Hungarian shelving traditionally covers a large wall space and really looks impressive. But you don’t need to buy expensive ready-made shelves; they are quite simple to make for the average DIY handyman or woman.

The whole essence of Hungarian shelves is structural simplicity, so the skills required are not beyond someone with reasonable ability. You don’t need to make tricky joints or use fancy fastenings and the materials you need can be readily obtained.

So how do we make these marvels? First of all let’s see what we need.

The basic design calls for a number of vertical lengths of timber, the exact sizes depend on how high and wide your shelves will be. These vertical supports should be spaced around 60cm apart and will need to be 5cm x 6cm. The length of each support is up to you.

The actual shelves can be made from a variety of materials. You can buy ready-made lengths of shelves made from particleboard, MDF or real timber, the choice is up to you.
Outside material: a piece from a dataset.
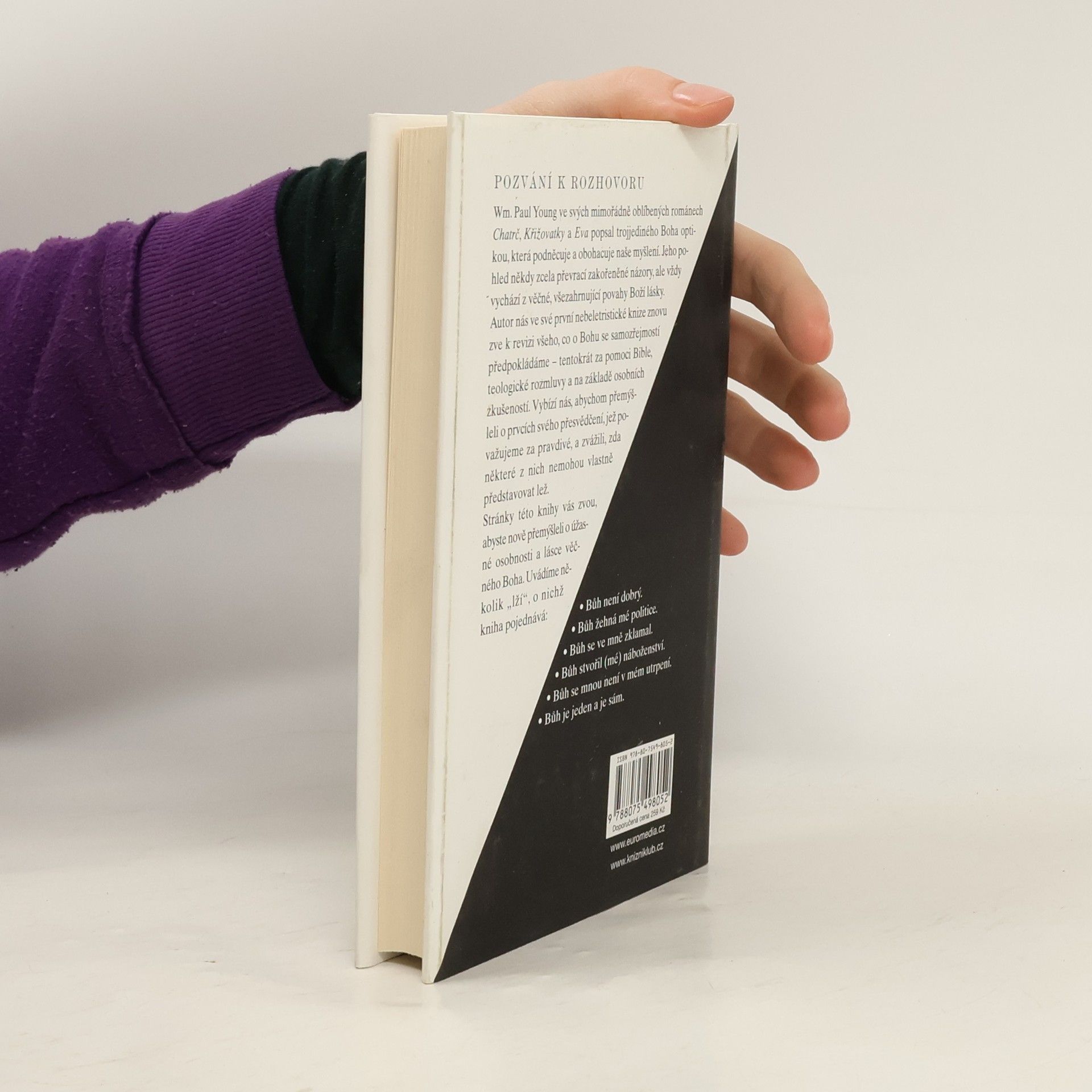 Slavný bestsellerový romanopisec Paul Young bývá často za své názory na Boha označován za kacíře. V této knize představuje dvacet osm běžně užívaných společenských názorů na Boha, které považuje za nesprávné a které nás podle něj od jeho podstaty oddalují. S osobitým humorem a anekdotami z vlastního života zde znovu otevírá známá témata, jako jsou hřích, peklo, víra, lidská práva, politika a jiné a pomáhá nám objevit hloubku Boha skrze odlišnou perspektivu.

For a simple approach, you can choose a melamine coated particleboard which does not require painting.

Finally you’ll need fasteners to hold the vertical supports to the wall. These will depend on your wall construction and can be wall plugs for plasterboard or concrete walls or screws for substantial timber walls. You should plan to space the fasteners around 60cm apart on the vertical supports.

Now lets see how we go about making these units.

Each shelf sits in a mortise cut in the vertical support. The cut needs to be the width of the thickness of the shelf and should be around 2/3 of the thickness of the support.

Make a corresponding mortise in the shelf to fit the mortise in the vertical support, so that when the shelf sits in the vertical support it fits flush with the wall against which the support is fastened.

The vertical spacing of your shelves is again a personal preference, but shelves tend to look better with a larger vertical space between the lower shelves. Make the mortises in each vertical support at the same position so that the shelves will be horizontal when fitted.

Fasten the vertical supports to the wall at the correct spacing, making sure that they are upright by using a spirit level. Then it’s simply a case of slotting the shelves into the mortises in the vertical supports. As a final touch, you may need to insert small wedges under each shelf where it sits in the vertical supports to ensure that the shelves sit at right angles to the wall.


And that’s about it! Now you can sit back and enjoy your handiwork!